◆ Brief
Wherever pictures occur in the entries below, leave them out and retype the rest exactly.

Saved data entries
---*---

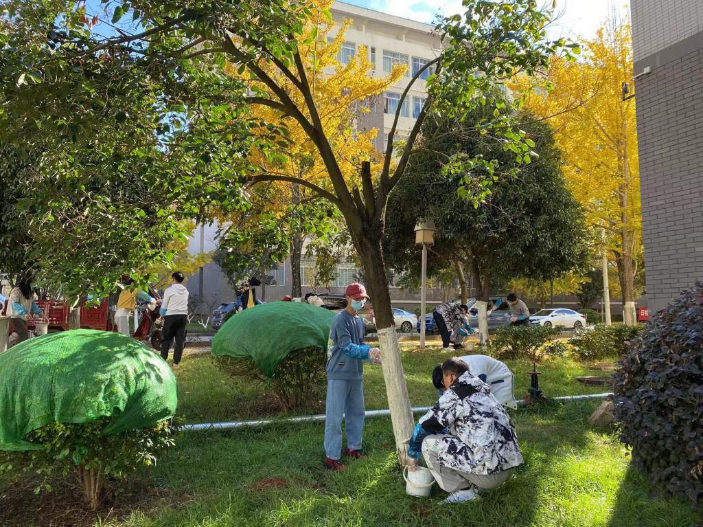 本科生党支部联合开展我为群众办实事——“美化校园,保护树木”活动,为怡园社区的树木刷白添“新装”,以抵御寒冷和病虫害,学生第四党支部书记田世垚同志、学生党员与积极分子共计100余人参与了活动。
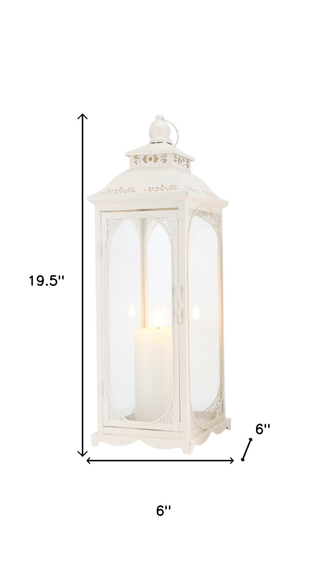 Stylize your tabletop, light up your back patio or add the perfect touch of low light to your living room with this set of three clear and white glass and metal floor lantern candle holders. This holder arrives in a set of 3. Dress up your home to impress every season with these fabulous candleholders that bring a delightful look and glow to your space. Ideal for everyday use but would also be a stunning accent for entertaining or a special event. These lanterns feature a slightly rustic, vintage style with clear glass panels and pierced filigree accents, and are a pretty decorative addition to your space on their own, with or without candles.
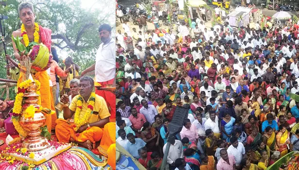 - வேடியப்பன் கோவிலுக்கு உடையாப்பட்டி கருமாரியம்மன் கோவில் வளாகத்தில் இருந்து தீர்த்தக்குடம் மற்றும் முளைப்பாரி எடுத்து அழைத்து வருதல் நிகழ்ச்சி நடைபெற்றது.
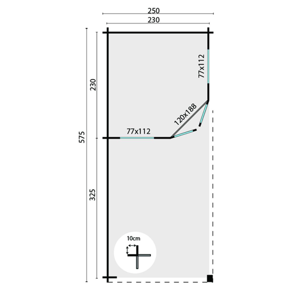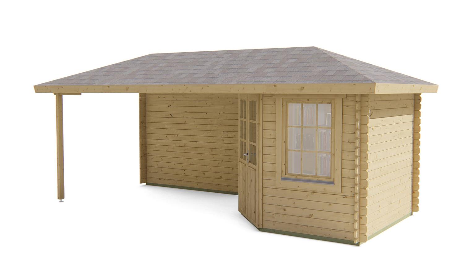 Gæstehus / hytte med overbygget terrasse Niklas 28 mm 5,75 x 2.5 m
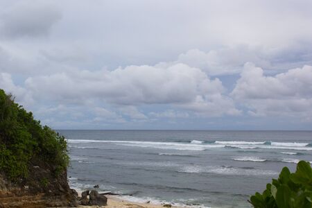 Tropical seascape. Ocean, waves and blue sky. Tropics. Beach and beautiful views of the cliffs, splashing waves and nature. Bali Island.
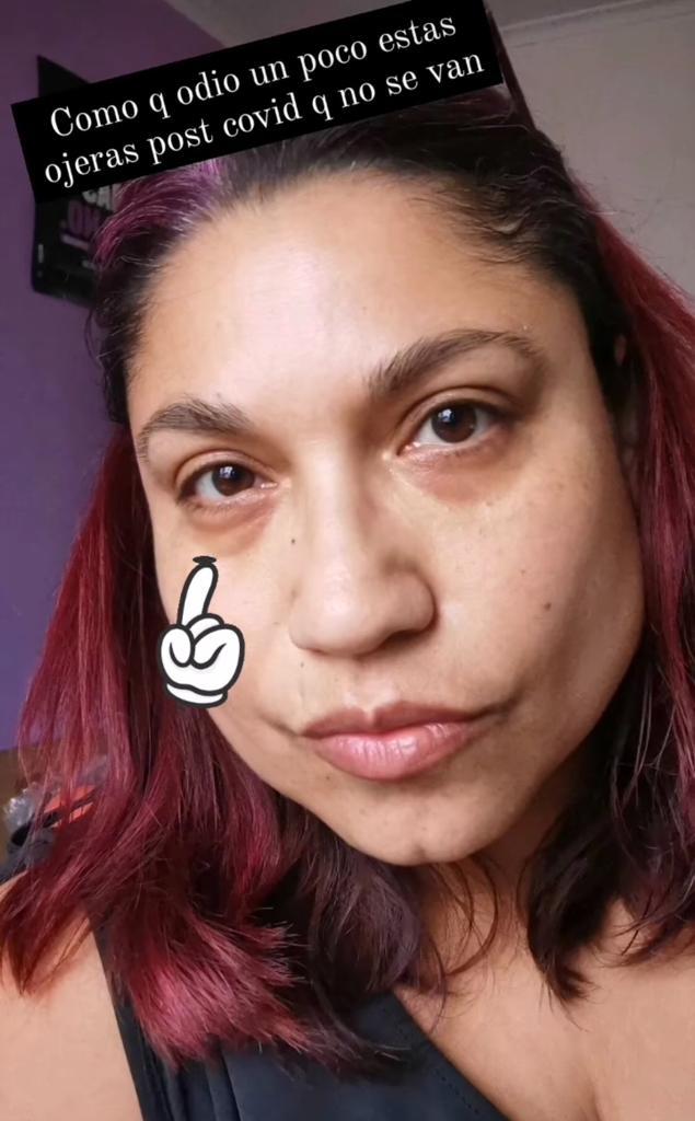 “Como que odio un poco estas ojeras post Covid que no se van”, escribió la periodista en una selfie que publicó es las stories de su cuenta de Instagram.
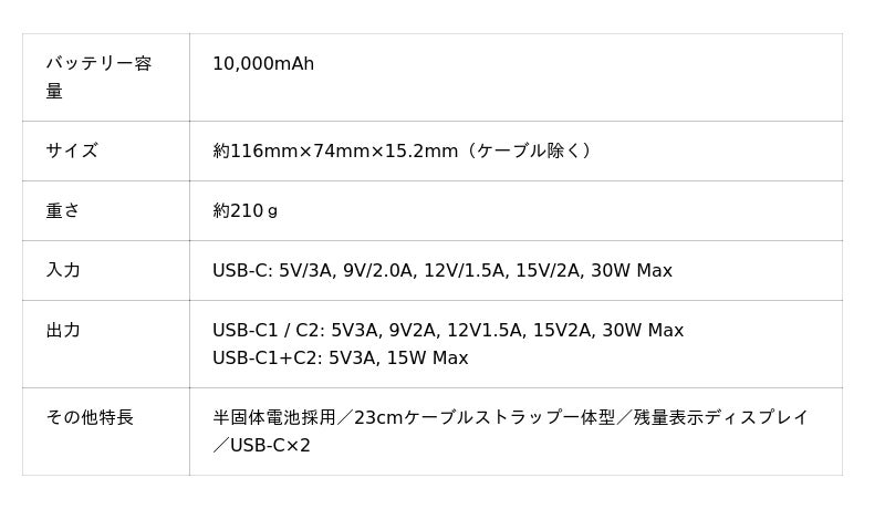 ■SOLIDZ Power Bank Model FT(10000mAh, 30W, Built-In USB-Cケーブル)
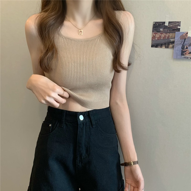 針織性感背心 短版上衣 女生大U領上衣小可愛 無袖背心 美式短款露臍內搭吊帶針織上衣 022256
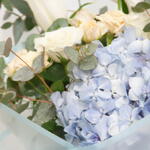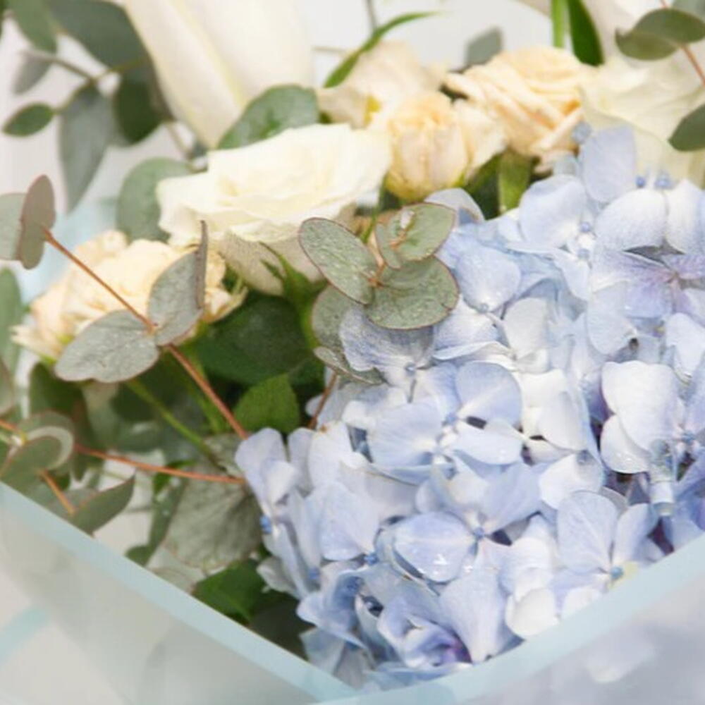 Eucalyptus - 4 ud. Lily - 1 ud. White rose - 3 ud. blue hydrangea - 1 ud. rosa bebé melocotón - 3 ud.
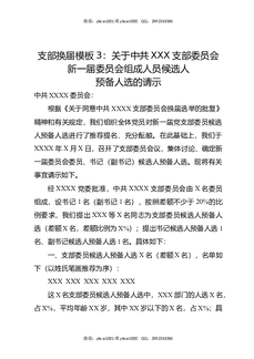 支部换届模板3:关于中共XXX支部委员会新一届委员会组成人员候选人预备人选的请示.docx
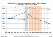 Динаміка населення з 1875 року в сучасних кордонах (Синя лінія: населення; Пунктир: відносна порівняльна динаміка населення землі Бранденбург; Сірий фон: період Третього рейху; Помаранчевий фон: період НДР)

---*---

◆ Written answer
 本科生党支部联合开展我为群众办实事——“美化校园,保护树木”活动,为怡园社区的树木刷白添“新装”,以抵御寒冷和病虫害,学生第四党支部书记田世垚同志、学生党员与积极分子共计100余人参与了活动。
 Stylize your tabletop, light up your back patio or add the perfect touch of low light to your living room with this set of three clear and white glass and metal floor lantern candle holders. This holder arrives in a set of 3. Dress up your home to impress every season with these fabulous candleholders that bring a delightful look and glow to your space. Ideal for everyday use but would also be a stunning accent for entertaining or a special event. These lanterns feature a slightly rustic, vintage style with clear glass panels and pierced filigree accents, and are a pretty decorative addition to your space on their own, with or without candles.
 - வேடியப்பன் கோவிலுக்கு உடையாப்பட்டி கருமாரியம்மன் கோவில் வளாகத்தில் இருந்து தீர்த்தக்குடம் மற்றும் முளைப்பாரி எடுத்து அழைத்து வருதல் நிகழ்ச்சி நடைபெற்றது.
 Gæstehus / hytte med overbygget terrasse Niklas 28 mm 5,75 x 2.5 m
 Tropical seascape. Ocean, waves and blue sky. Tropics. Beach and beautiful views of the cliffs, splashing waves and nature. Bali Island.
 “Como que odio un poco estas ojeras post Covid que no se van”, escribió la periodista en una selfie que publicó es las stories de su cuenta de Instagram.
 ■SOLIDZ Power Bank Model FT(10000mAh, 30W, Built-In USB-Cケーブル)
 針織性感背心 短版上衣 女生大U領上衣小可愛 無袖背心 美式短款露臍內搭吊帶針織上衣 022256
 Eucalyptus - 4 ud. Lily - 1 ud. White rose - 3 ud. blue hydrangea - 1 ud. rosa bebé melocotón - 3 ud.
 支部换届模板3:关于中共XXX支部委员会新一届委员会组成人员候选人预备人选的请示.docx
 Динаміка населення з 1875 року в сучасних кордонах (Синя лінія: населення; Пунктир: відносна порівняльна динаміка населення землі Бранденбург; Сірий фон: період Третього рейху; Помаранчевий фон: період НДР)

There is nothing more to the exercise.